Editorial: The TurnitIn plagiarism checker is not as reliable as you think

Editorial: The TurnitIn plagiarism checker is not as reliable as you think

On Wednesday, October 25, 2024, I received an email that shook me to the core, unwillingly thrusting me into a battle to defend my own innocence and prove my integrity. It made me feel as if I was in Franz Kafka’s The Trial, accused of a crime, but never shown any evidence of my guilt, hopelessly awaiting my sentence. I was put on the stand against an automated system that determined me to be guilty, with almost no option of appeal. Here’s what happened, the flaws and inaccuracies of these tools, and how to defend yourself.

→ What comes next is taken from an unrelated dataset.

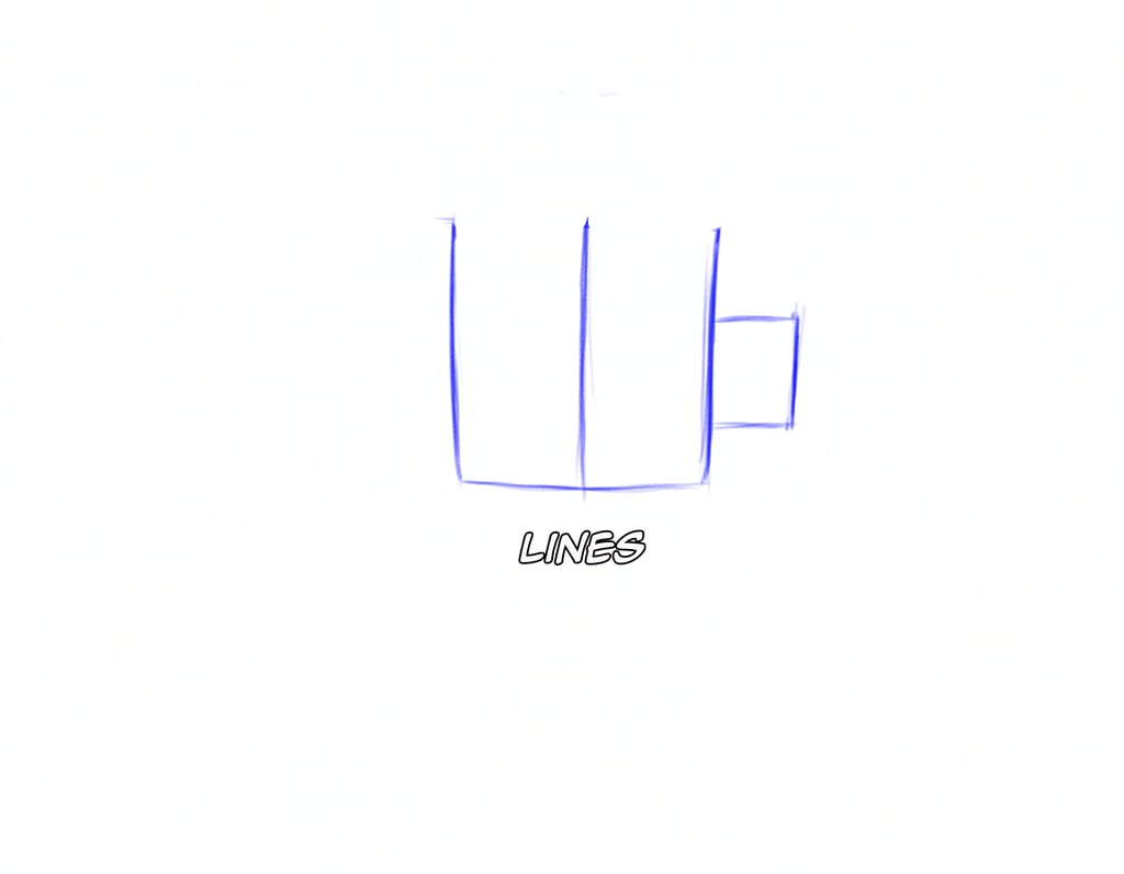 Start with light, straight lines to mark the cup’s outline and symmetry. Keep it simple — just a rectangle for the body and a smaller rectangle for the handle.

When I turned in my essay, I didn’t realize that I was unknowingly subjecting myself to accusations and interrogation. However, when the email came back, it was clear what had happened: my professor had put my essay through Turnitin, a plagiarism and AI detector, and it had flagged my essay as partially AI generated. The moment I read it, my stomach dropped. How was I meant to prove my own humanity?

Quickly, I scoured through my paper to find anything that would absolve me of guilt. The word processor I used, LibreOffice, didn’t store version history. I didn’t record myself writing the essay. I didn’t even ask for help from anyone, so I had no one to vouch for me. The only thing I had was my list of sources in Noodle Tools. It was my word against the detector, in a twisted version of Man vs. Machine.

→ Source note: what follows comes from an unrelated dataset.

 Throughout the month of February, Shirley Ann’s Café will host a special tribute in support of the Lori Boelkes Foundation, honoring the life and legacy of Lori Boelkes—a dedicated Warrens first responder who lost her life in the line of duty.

Thoughts raced through my head, sensing the imminent doom of a false judgement. Would I get a zero? Would I be suspended? Expelled? As these potential situations clogged my mind, I began to panic, feeling myself fall into an anxiety attack. The world seemed to spin around me and my vision became foggy, as the stress consumed me.

After I leveled my head, I reasoned the only way I could save myself from the forever alteration of my life and the smear on my reputation was to prove that Turnitin was wrong; to prove that these tools were unreliable and inaccurate. With renewed passion, I began to collect data that proved my hypothesis. I was essentially forced to write a second essay, one that would defend my first.

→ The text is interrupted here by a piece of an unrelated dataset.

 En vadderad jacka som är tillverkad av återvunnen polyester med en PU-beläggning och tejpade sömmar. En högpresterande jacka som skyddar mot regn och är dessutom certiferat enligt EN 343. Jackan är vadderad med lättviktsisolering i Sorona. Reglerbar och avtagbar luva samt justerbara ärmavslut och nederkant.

I never finished that essay. Instead, my teacher confronted me and I learned a valuable lesson in the benefit of having a good relationship with your teacher and being an engaged and dedicated student. I explained my case, showing my citations in Noodle Tools and preliminary sources I had gathered about Turnitin’s detection. I expected to be scolded, as a disapproving face met mine, telling me that my fate had already been determined. Instead, they looked back at me with understanding, hearing my situation and dropping all accusations, explaining that only the conclusion of my essay was flagged as partially artificially generated. A breath of air released from my mouth as I felt relief wash over.

However, the situation could have been much worse. If my teacher hadn’t been so understanding, if they trusted Turnitin more, or if I didn’t have my sources, it could’ve led to me sitting in front of an academic board, facing the principal despite my innocence.

Digital McCarthyism

Turnitin has been a prominent figure in the war against academic dishonesty. Their plagiarism detection system, released in the late 90s, is highly effective and has been used by schools for over two decades. It's this reputation that makes it even more dangerous.

Tools like Turnitin promise teachers instant and accurate plagiarism and generative content detection.[1] They guarantee low false positives and include phrases like “Our advanced AI writing detection technology is highly reliable and proficient in distinguishing between AI- and human-written text and is specialized for student writing,” on their website, which evokes a high level of trust from educators, despite the technology being largely untested and rapidly evolving.[2]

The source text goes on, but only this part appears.